If a female that is a carrier for color-blindness has a child with a male that has normal vision, what percentage of their children may be color blind?

0%
25%
50%
75%

Color blindness is a sex-linked trait, meaning it is carried on the X chromosome. A female's genotype is XX, whereas a male's genotype is XY. Since the trait is recessive, if one of the X chromosome's on a woman carries the colorblindness but the other chromosome does not, the other chromosome is dominate over the colorblind chromosome and she is a carrier of colorblindness, but not colorblind. 

If a man's X chromosome carries colorblindness, he has no other X chromosome to dominate over the trait, so he WILL be a carrier and will be colorblind. 

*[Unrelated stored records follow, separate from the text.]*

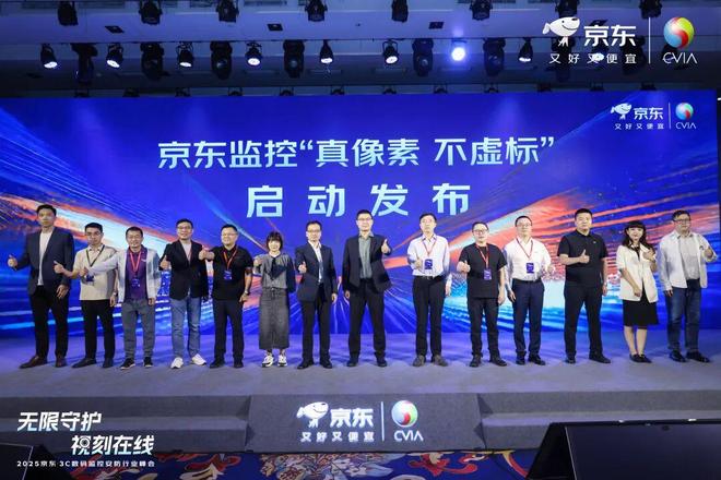 大会现场,京东联合中国电子视像行业协会及企业代表共同发布了《家用及类似用途监控摄像头技术规范》和“真像素 不虚标”倡议。
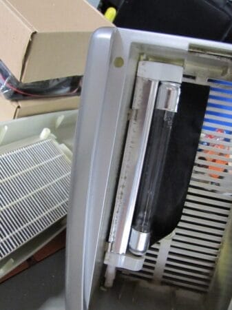 Didn’t look too intimidating: There was a circuit board, a fan housing, and inside this compartment, a 3-inch long germicidal lamp over there on the right….
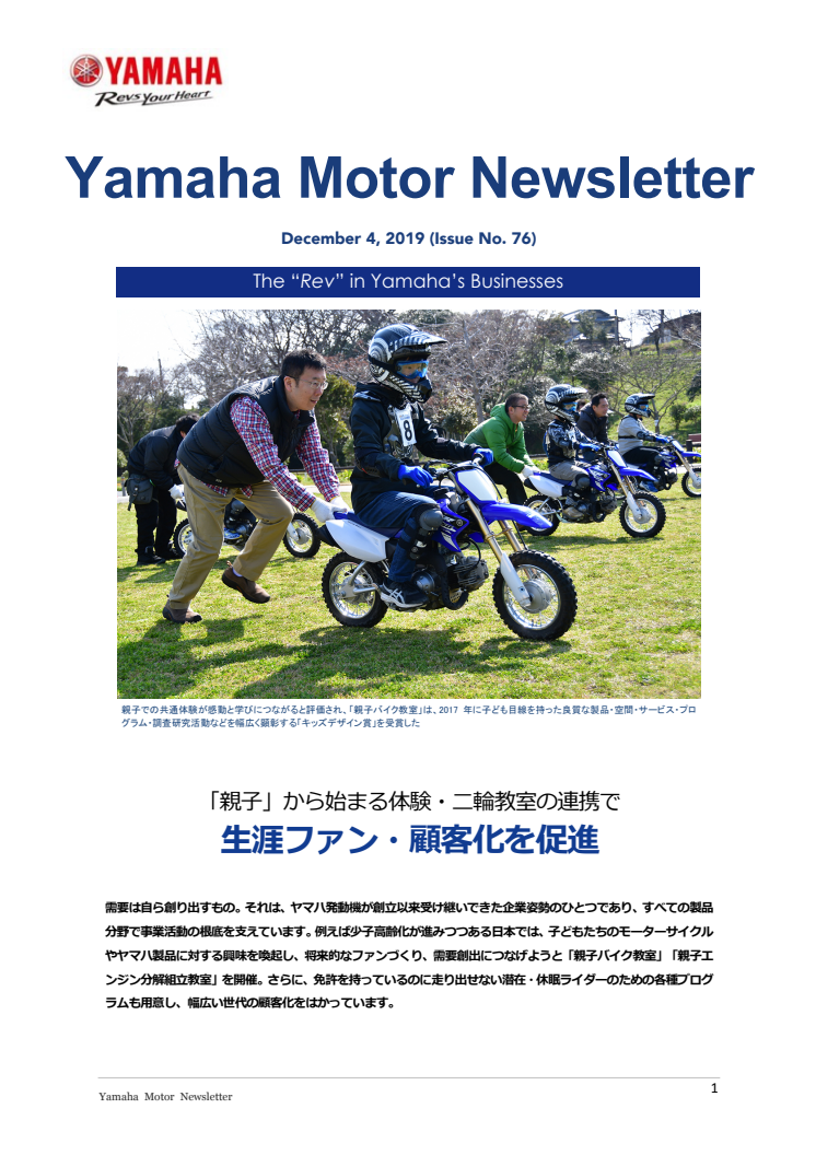 生涯ファン・顧客化を促進 Yamaha Motor Newsletter (December 4, 2019 No. 76)
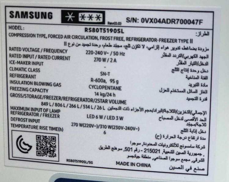 ظرفیت یخچال ساید آر اس 80
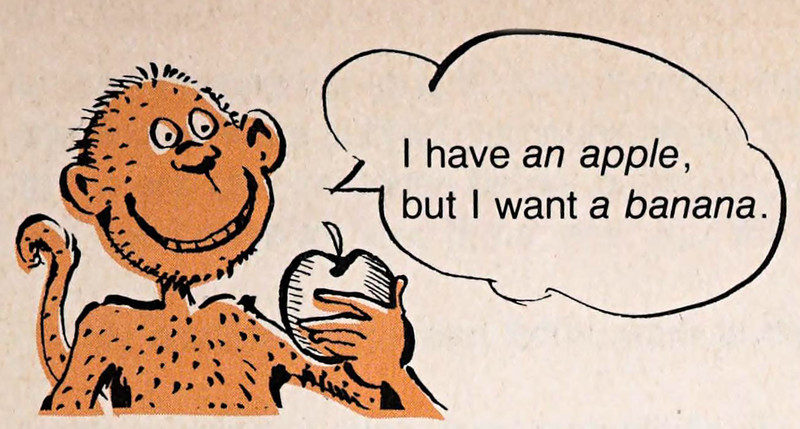 "I have an apple, but I want a banana."  From Starting Points in Language A, Skills Practice Book, Teacher's Edition by Raisbeck & Smart, 1980.
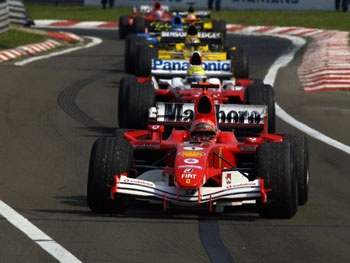 比賽起跑時在第一個彎出現了碰撞意外的場面,導致Red Bull的Klien賽車側翻一圈,幸而無恙,而他的隊友Coulthard稍後也撞上路上脫落的鼻翼而出局。Alonso也在混亂中撞掉了鼻翼緊急搶修,注定在這場比賽失去競爭力,Barrichello同樣是遭到波及的車手落到17位,在匈牙利這個以狹窄多彎及難以超車著稱的跑道上跟在慢車後面跑了許多圈,單圈平均慢了隊友每圈將近5秒。
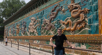 I was sitting there enjoying the breeze when an attractive young woman came and sat down beside me. There was nothing unusual about this – bench space in the shade is highly valued and this being a socialist country, every inch of it is up for grabs. I said hello in Chinese and left it at that. After a few minutes of silence she asked me to take her photograph with her camera and I agreed. She posed a few times, critiqued my style (she wanted to be in the center of the picture, I explained that the right 1/3 was more aesthetically correct) and we returned to silence. She started a second conversation asking why I was there and where I was from and we had a little conversation about homes and families and travel. I mentioned the Nine Dragon Screen and she asked me if I wanted to go. Sensing an opportunity to complete my quest I said “fine”. She asked a passing park cleaning person where it was and off we went.

Male children of a carrier mother and non-colorblind father have a 50% probability of being colorblind and female children have a 50% probability of being carriers, but the daughters will not be colorblind. This is because one X comes from the mother (which may or may not have the colorblind trait), and one from the father. Even if the mother passes on colorblindness, the father cannot, so the X that comes from the father will dominate over the colorblind trait. 

Male children of a father with colorblindness and a carrier mother have a 50% likelihood of being colorblind, and their female children are either carriers or colorblind. 

Male children of a father with colorblindness and a non-colorblind mother will not inherit colorblindness, but all of the female children will be carriers. 

Male children of a non-colorblind father and a colorblind mother will be colorblind and all the female children will be carriers. 

All the children of two colorblind parents will be colorblind.To recap, in order for a male to be colorblind, the X passed on from his father must contain the colorblind gene. In order for a female to be colorblind, both the X from her mother and the X from her father must contain the colorblind gene, meaning her mother is either colorblind or a carrier and her father is colorblind. We can exhibit these probabilities in a punnet square. Assume that X is a non-colorblind gene, x is colorblind, and Y is non-colorblind. 

If a mother is a carrier, her genotype is Xx. If the father is not colorblind, he is XY. Here is the Punnet square (I doubt this will space properly, but I hope you get the idea): 

| X | x 
 
X | XX | Xx 
Y | XY | xY 

The mother is the first horizontal line, Xx. She is a carrier. The first vertical line is XY, the father, who is not a carrier. You multiply the first mother's gene (X) with the first father's (X) to get the top-left box (XX). The second mother's gene (x) with the father's first gene (X) yields the top, right box (Xx), etc. This is the probability of having a colorblind child. We can see it's true that's there's a 50% chance of having a boy (there are two xy's) and a 50% of having a girl (two xx's). If you have a boy, there's a 50% of having a colorblind boy, and a 50% chance of having a non-colorblind boy. There is a 0% of EVER having a colorblind daughter in this situation. Now let us look at the possible answers: 
A) 25% of their offspring will be color-blind 
^^ Statistically, this is true. If they have four children, then statistically they will have two daughters, two sons, and one of the sons will be colorblind. This is not a certainty, however, because it's possible that they have four daughters, none of which are colorblind. 
B) None of their daughters will be color-blind 
^^ This is unequivocally true, there is no possibility of a daughter being colorblind. 
C) Half of their sons will be color-blind. 
^^ Statistically speaking, this is true. Half of their sons would probably be colorblind, but statistics is not a certainty. It is possible to have two sons in a row, and both of them to inherit an XY genotype, meaning neither of them are colorblind. So this statement is false. 
D) Half of their daughters will be carriers of color-blindness. 
^^ Again, this is statistically true, but genetics is never a certainty in situations like this. 

If this is a question where only one answer can be correct, then the answer is B. If multiple answers can be correct, then A, B, C, and D are true. If you refer to the Punnet square I made above, you can see that 25% of the offspring in the square are colorblind, none of the daughters are, half the sons are, and half the daughters are carriers. They are true when you are speaking in terms of probability, which is all genetics really is. So either they are all true, or if you can only pick one, it is B, because that is the only 100% certainty.